When pollution shut down the northeastern city of Harbin early this week, the blanket of smoke didn’t just worry residents who struggled to see where they were driving in their cars (some crashed). Industrialists, whose factories are a primary source of pollution in the region, were no doubt wringing their hands. After one of the most polluted winters on record, dubbed the “airpocolypse” in January, the government has vowed to scale back on industry such as steel production, especially in Hebei province, which surrounds Beijing. For companies such as China Oriental Group (0581.HKG) and Shougang Concord International Enterprise (0697.HKG), both of which have large steel plants in the province, the news sounds potentially disastrous. Not necessarily. Beijing’s crackdown will hit the small players in the market, which tend to be more serious polluters. In Shougang Concord’s case, the factory is a model for clean operations, said Helen Lau, a senior commodities analyst at UOB Kay Hian in Hong Kong. “Concord is actually selling [pollution credits] to other companies in the area,” she said on Thursday. The state-owned company makes shipping plates with Korean shipbuilder Hyundai Heavy (9540.KRX), an area of the market that is improving this year, Lau noted. China Oriental partners with ArcelorMittal (MT.NYSE, MT.AMS), the world’s biggest steel company, on construction materials. For investors that have wiped the soot off their computer screens, the companies look like bright spots in an industry that has underperformed for the past three years.

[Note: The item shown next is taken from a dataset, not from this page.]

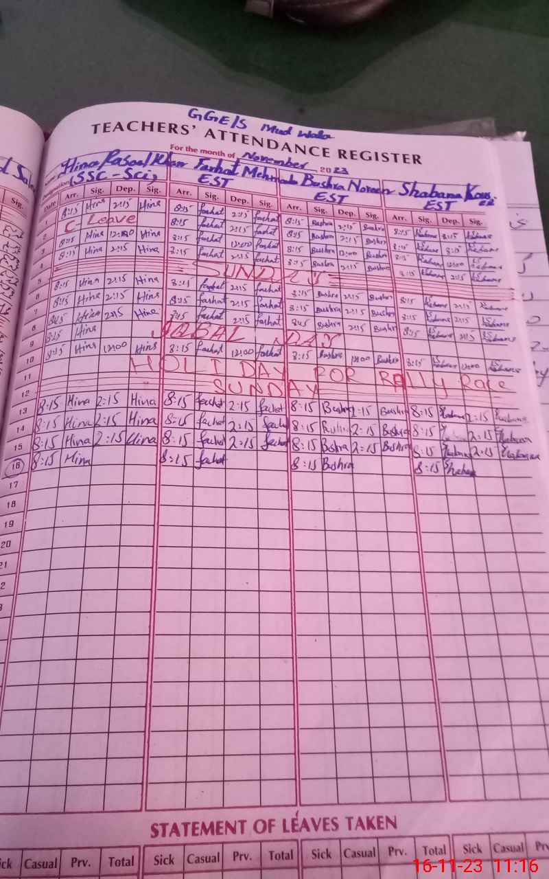 | No. of Students Present - Female | 11 | 0 | 26 | 26 | 21 | 23 | 31 | 22 | 20 | 17 | 19 | 216 | ||||

Time to get busy at China Mobile
Just because you’re the biggest, doesn’t mean you’re the best. That must be what China Mobile (CHL.NYSE, 0941.HKG), with its more than 755 million customers, is thinking this week with its third-quarter profits down 8.8% compared to the same time last year, the biggest decline in 14 years. The company’s 3G services, four years after deployment, still don’t make enough money. At the same time, Tencent’s (0700.HKG) WeChat smartphone messaging app continues to cannibalize China SMS revenues. A recovery for the world’s largest mobile services provider is still not in sight, analysts said. However, a strong launch into 4G services would help. “We argue the rapid shift toward TD-LTE (4G) should provide a powerful revenue uplift,” said Tucker Grinnan, regional head of telecom and media research at HSBC in Hong Kong. The company is expected to start commercial operations by the end of the year. It’d better hurry up. It also wouldn’t hurt to strike a deal with Apple (APPL.NASDAQ) to sell its new iPhones. Investors will note that both 4G and the sleek Apple phones will be make-or-break deals for China Mobile’s performance in 2014.
A China probe does damage
In one of the starkest losses on the China market in the third quarter of the year, China sales of drugs and vaccines at GlaxoSmithKline (GSK.LON) fell 61%. The country constitutes just 4% of GSK’s business. Still, global profits were down 12% between July and September. At the time of reporting on Thursday, the company’s share price had sunk nearly 2% following the announcement a day earlier. The turbulence is a testament to the damage a probe brought on by one of China’s regulators can do to a firm’s sales. In June, a Chinese investigation accused the UK-based company of bribing doctors to sell pharmaceuticals in the China market. Four months later the impact has surpassed analysts’ expectations. Deutsche Bank reportedly called GSK’s China conundrum “dire.” Conversely, the third quarter of the year was especially kind to some of China’s biggest drugmakers, although there isn’t necessarily a correlation with GSK’s woes. On October 11, Guangzhou Baiyunshan Pharmaceutical Holdings (0874.HKG) traded at its highest price ever, US$4.78. That was after a merger with – and a name change from – Guangzhou Pharmaceutical. Now the company is trading at nearly 40 time its price-to-earnings ratio. Investors shouldn’t forget that 60 foreign drug companies are under investigation in China. Chinese firms still lack the technology to fill the gap should China sales at other Western pharmaceuticals go south. However, an increasing amount of prescriptions will be left for more capable firms such as Guangzhou Baiyunshan to fill.
After Bank of Chongqing started a shortened roadshow on Wednesday in Hong Kong, China Huirong Financial Holdings will look to raise up to US$110 million just five days later. Bank of Chongqing is the first mainland bank to list in three years. It is seeking to raise US$593 million. Suzhou-based Huirong Financial focuses on lending to small and medium enterprise, a rapidly growing market in China.